FP&A innovation drives business insight

What innovation means to the finance professional

Despite the huge interest in innovation and the thousands of column inches written in the media every day, innovation is one of those terms that defies precise definition. Rather than attempting to define it, FSN’s 2018 Innovation in the Finance Function research survey invited the global finance community to offer examples of what it thought constituted innovation in the finance function.

The answers were varied and surprising.

Innovation in the eye of the beholder

Over a quarter of the 1,063 survey participants claimed to have initiated some form of innovation in the last three years and described innovation examples in their business. The comments reflected the wide-ranging views of CFOs and senior finance executives at different stages of their journey leading modern finance functions, with the research highlighting that innovation is very much in the “eye of beholder.”

For instance, 35 percent describe quite modest developments as innovation. These are the organizations shackled by legacy systems for whom innovation is limited to tinkering at the edges of their processes and of necessity—making marginal changes in automation and integration rather than wholesale change to completely new systems.

But it’s telling that for 85 percent of CFOs, the most pressing need is for innovation to drive better insights about the business. This reflects the changing nature of the finance function from accounting to strategic leader.

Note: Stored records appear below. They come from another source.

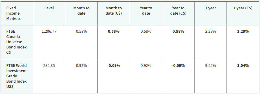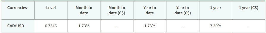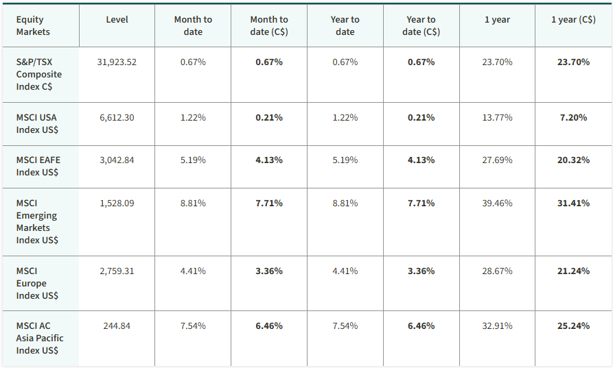 The S&P/TSX Composite Index edged higher, reaching a new record high. The energy sector was the best-performing sector. U.S. equities advanced over the month. Government of Canada 10-year bond yields finished largely unchanged, while the yield on U.S. Treasury bonds increased. Oil and gold prices rose in January. Gold, along with steel and copper, reached new record highs.
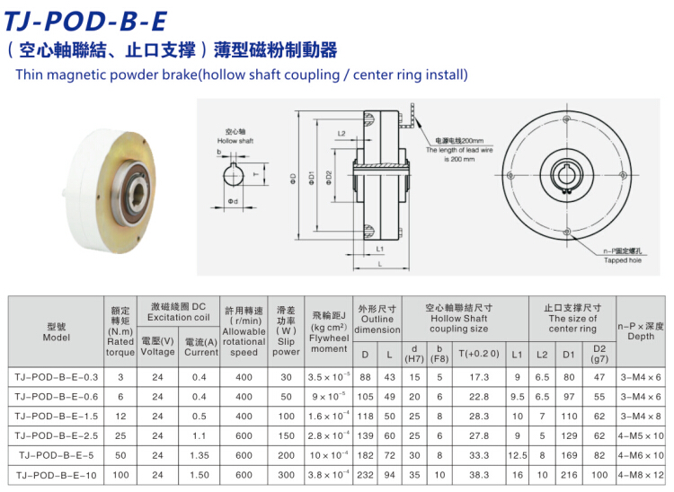下圖就是關(guān)于超薄型空心磁粉制動(dòng)器剎車器選型參數(shù):
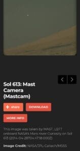 أرفق الموقع بالوصف أن الصور الثلاثة التقطت عام 2014 وليست بحديثة، بكاميرا Mastcam من قبل مركبة Curiosity rover التي أنشأت من قبل ناسا لاستكشاف كوكب المريخ.
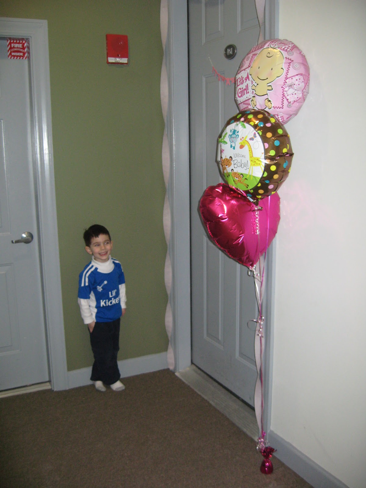 I'm typing this the morning after our first night at home. Jeremy and I are exhausted, and I have a big cup of coffee in my "Mama Bear" mug beside me. Jack's been a great big brother so far - he tells me when the baby is crying and keeps asking when she'll be big enough to play with him. (He's expecting her to join him at Pump it Up later today.) We had decorated our door late last week; here's Jack with his handiwork:

Finance sits at the confluence of all the business functions and is best-placed to offer the sort of insight that can give organizations a competitive edge.

Encouragingly, 20 percent of survey respondents gave examples of innovative projects designed to deliver management insight. The implementation of budgeting and planning tools featured prominently, along with business intelligence tools and dashboards. The motivation in the majority of cases was the delivery of better key performance indicators and analytical capability.

Cloud implementation featured more strongly in this category than any other, perhaps because of the greater choice and popularity of cloud-based applications in the corporate performance management space, or the relative ease of implementing management information initiatives in the cloud, compared with, say, ERP in the cloud.

For many organizations, the implementation of cloud-based planning, budgeting, and forecasting (PB&F) solutions offers an opportunity to break free from legacy systems while swiftly demonstrating to the rest of the C-Suite the benefits of innovation, such as improved speed of forecasting and accuracy that can be achieved by migrating to modern PB&F applications in the cloud.

Newer technologies employing machine learning and artificial intelligence capabilities represent the next wave of innovation in the finance function and remain largely experimental at this stage. CFOs who have successfully implemented PB&F processes in the cloud are well-placed to convince the rest of the C-Suite to invest in these exciting innovations.